Sejatinya, pre project selling diatur dalam Undang-Undang Nomor 20 Tahun 2011 Tentang Rumah Susun (“UU No. 20/2011”).

Pasal 42 Ayat (1) beleid tersebut mengatakan bahwa pelaku pembangunan dapat melakukan pemasaran sebelum pembangunan rumah susun dilaksanakan. 

Adapun Pasal 42 Ayat (2) UU No. 20/2011 mengisyaratkan bahwa dalam pemasaran apartemen/rumah susun yang dilakukan sebelum pembangunan dilaksanakan, pengembang sekurang-kurangnya harus memiliki lima poin utama, di antaranya adalah: 

  1. Kepastian peruntukan ruang
    Kepastian peruntukan ruang ini berbentuk surat keterangan rencana kota yang telah disetujui pemerintah daerah.
  2. Kepastian hak atas tanah
    Kepastian hak atas tanah ditunjukkan melalui sertifikat hak atas tanah;
  3. Kepastian status penguasaan rumah susun
    Kepastian status kepemilikan antara SHM sarusun atau SKBG sarusun harus dijelaskan kepada calon pembeli yang ditunjukkan berdasarkan pertelaan yang disahkan oleh pemerintah daerah;
  4. Perizinan pembangunan rumah susun
    Izin pembangunan rumah susun ditunjukkan melalui IMB;
  5. Jaminan atas pembangunan rumah susun dari lembaga penjamin
    Yang dimaksud dengan “jaminan atas pembangunan rumah susun” dapat berupa surat dukungan bank atau nonbank.

Lebih lanjut, dalam hal pemasaran dilakukan sebelum pembangunan rumah susun, segala sesuatu yang dijanjikan oleh pelaku pembangunan dan/atau agen pemasaran mengikat sebagai perjanjian pengikatan jual beli (PPJB) bagi para pihak, sebagaimana bunyi Pasal Pasal 42 Ayat (3) UU No.20/2011.

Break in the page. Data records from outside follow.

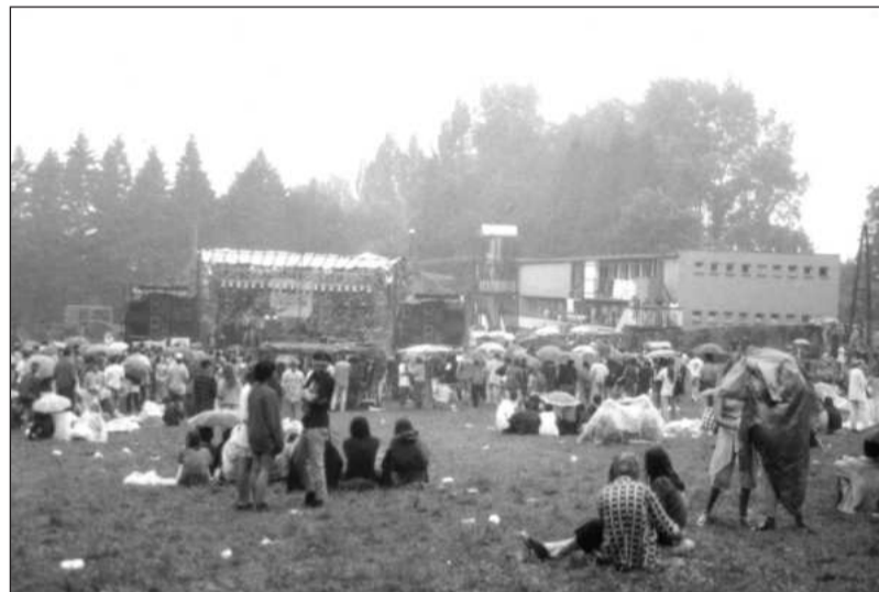
Druhý ročník kopřivnických Šlahounů se konal na louce zdejšího koupaliště, která organizátory inspirovala při vzniku události.

V posledním roce své existence prošly Šlahouny nepřehlédnutelným faceliftem. Hlavní změnou bylo prodloužení festivalu na dva dny. Festival se také převlékl do pestrých barev. Magenta jako dominantní barva festivalové grafiky by byla ještě pár let zpět nemyslitelná. Autorem designu hlavní scény, tanečního stanu i plakátu a Šlahounů byl výtvarník a frontman Tata Bojs. Kapela z Hanspaulky odehrála specifický koncert pod dohledem
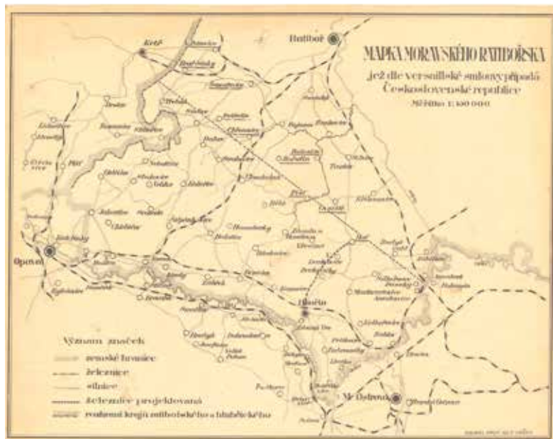
Moravské Ratibořsko, s vyobrazením obcí Hlučínska, historicky se jedná o území Horního Slezska, kolem roku 1922.

Zanikly německé spolky, do škol byl zaveden český vyučovací jazyk. Kronika obecné školy v Petřkovicích popisuje bouřlivý počátek školního roku 1920/1921. Děti a rodiče, kteří se již dříve dozvěděli o propouštění německých učitelů a přeměně školy na českou, se shromáždili na ulici před školou a nechťeli několik dnů nikoho vpustit na školní dvůr. Rodiče odmítali posílat děti do školy, požadovali jen německou školu bez jakéhokoliv vyučování češtině. Také v některých dalších obcích na Hlučínsku se sbíraly podpisy na petice za německou školu a proběhly stávky školních dětí. Nutno uvést, že lidé na Hlučínsku si v období pruské, resp. německé státní přiná-
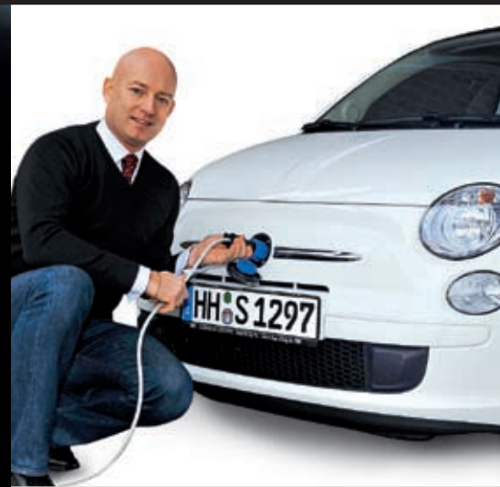
32 E-Mobilität: Der Fiat-Professional-Händler Karabag importiert und entwickelt E-Autos der italienischen Firma Micro-Vett.
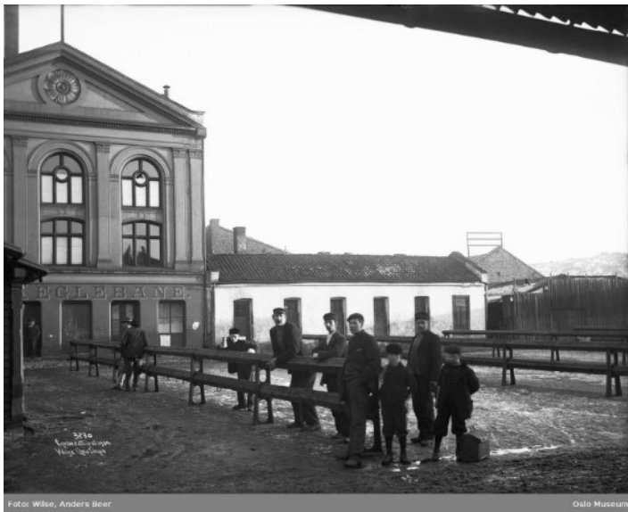
Fryshall: 1904.

Midten av 1800-tallet er også tiden for urolighet i Europa (1848 revolusjon). I Norge er det nå de første store landsomfattende folkebevegelsene oppstår. Haugianerne med Hans Nielsen Hauge startet opp på begynnelsen av århundret og deretter fulgte thra-nittene og Marcus Thranes arbeiderbevegelser. Det fortsetter med avholdsbevegelsen, flere religiøse folkebevegelser og kvinnebevegelsen. For dem alle er Grønland et sentralt område.
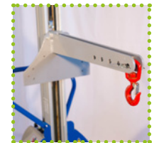
G - Crochet
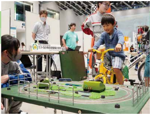
工夫を凝らしたブースが盛りだくさん

二次元コードをスマートフォンなどで読み取ると、市のホームページなどがご覧いただけます。
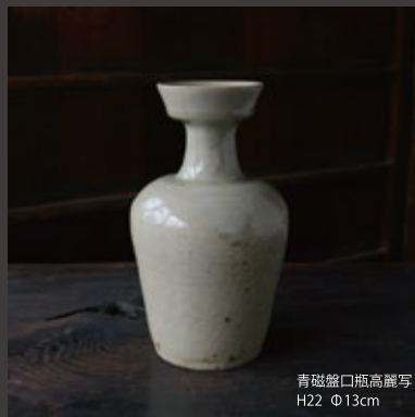
青磁盤口瓶高麗写 H22 Φ13cm
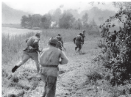
Автоматчики очищают берег озера от немцев на подступах к Восточной Пруссии. 1944 г.
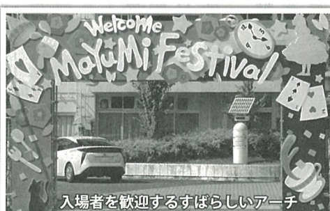
入場者を歓迎するすばらしいアーチ
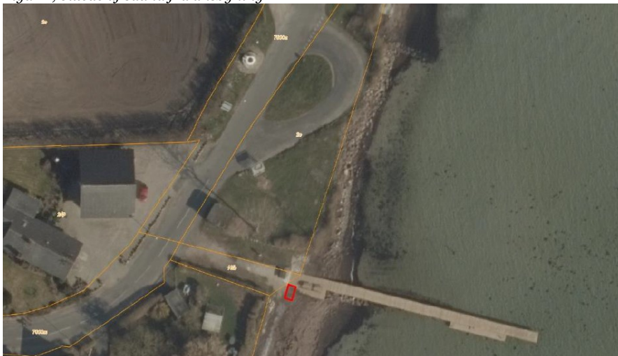
Figur 3, placering vist med rød streg, fra ansøgning
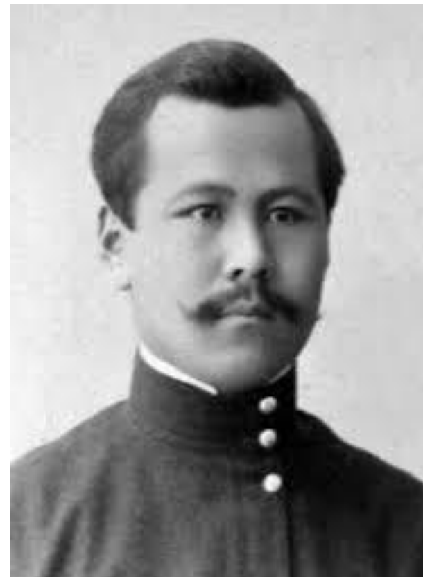
Мустафа Шокай 1918 г
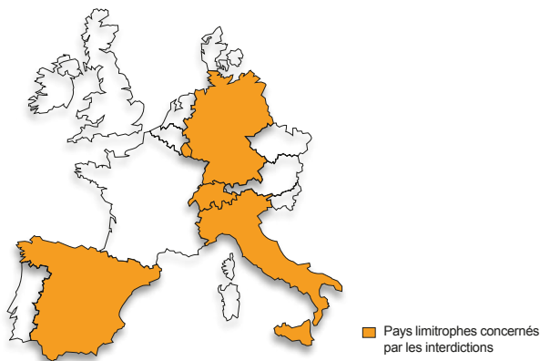
■ Pays limitrophes concernés par les interdictions
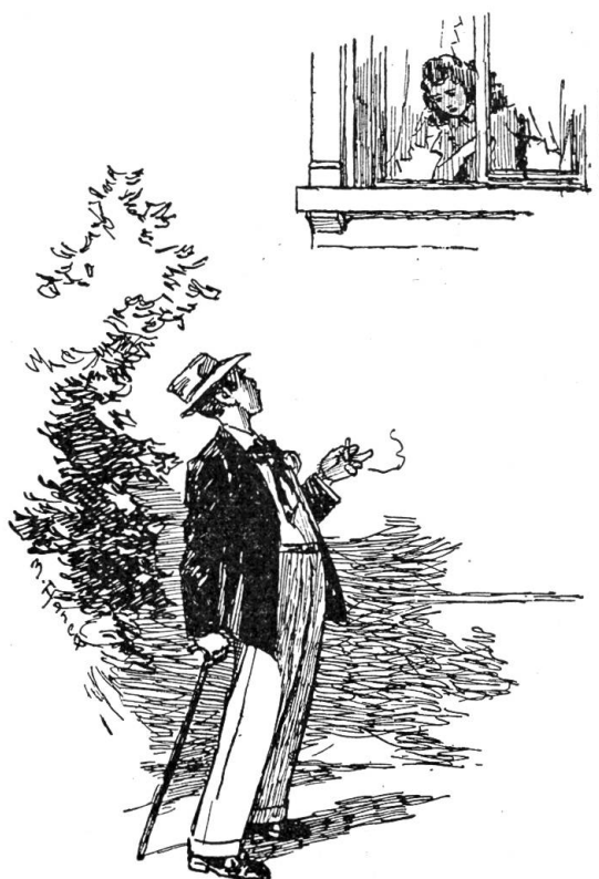
„Kommt herunter, ich habe Dir etwas Wichtiges zu sagen“

Samstag, wenn die Arztfamilie in den Tessin oder in die Bündnerberge verreiste, oder zu Besuch fortfuhr nach Basel oder Genf, dann sagte wohl die Frau Doktor: „May, hören Sie, Sie können dann in die Konditorei gehen und sich etwas Kuchen holen, damit Sie auch etwas haben.“ May bekam so allerhand Gutes für Gaumen und Magen. Aber ihre Einsamkeit in dem großen weiten Hause wurde nur schwerer. Wenn sie stundenlang müßig herumsaß, keine andere Aufgabe hatte, als auf das Telefon zu warten, in allen möglichen Büchern herumschnüffelte und las, dann kamen ungewohnte und gefährliche Gedanken in den hübschen Mädchenkopf. Im Schlafzimmer der Frau Doktor lagen Zeitschriften herum in verschiedenen Sprachen. May verstand nicht viel davon, aber die Bilder genügten, um ihre Phantasie in die wildesten Träumereien zu locken. Eine Welt zeigte sich ihr, von der sie nie etwas gewußt, die aber aufregend und interessant zu sein schien. Eine Welt, zu der auch das Arzthaus gehörte, die Frau Doktor mit den schillernden Kleidern, den prickelnden

Perjanjian pengikatan jual beli (PPJB) sebagaimana dimaksud diartikan sebagai kesepakatan antara pelaku pembangunan dan setiap orang untuk melakukan jual beli rumah atau satuan rumah susun yang dapat dilakukan oleh pelaku pembangunan sebelum pembangunan untuk rumah susun atau dalam proses pembangunan untuk rumah tinggal dan rumah deret yang dibuat di hadapan notaris, sebagaimana bunyi Pasal 1 Angka 11 Peraturan Pemerintah Nomor 12 Tahun 2021 tentang Perubahan atas Peraturan Pemerintah Nomor 14 Tahun 2016 tentang Penyelenggaraan Perumahan dan Kawasan Permukiman (“PP 12/2021”).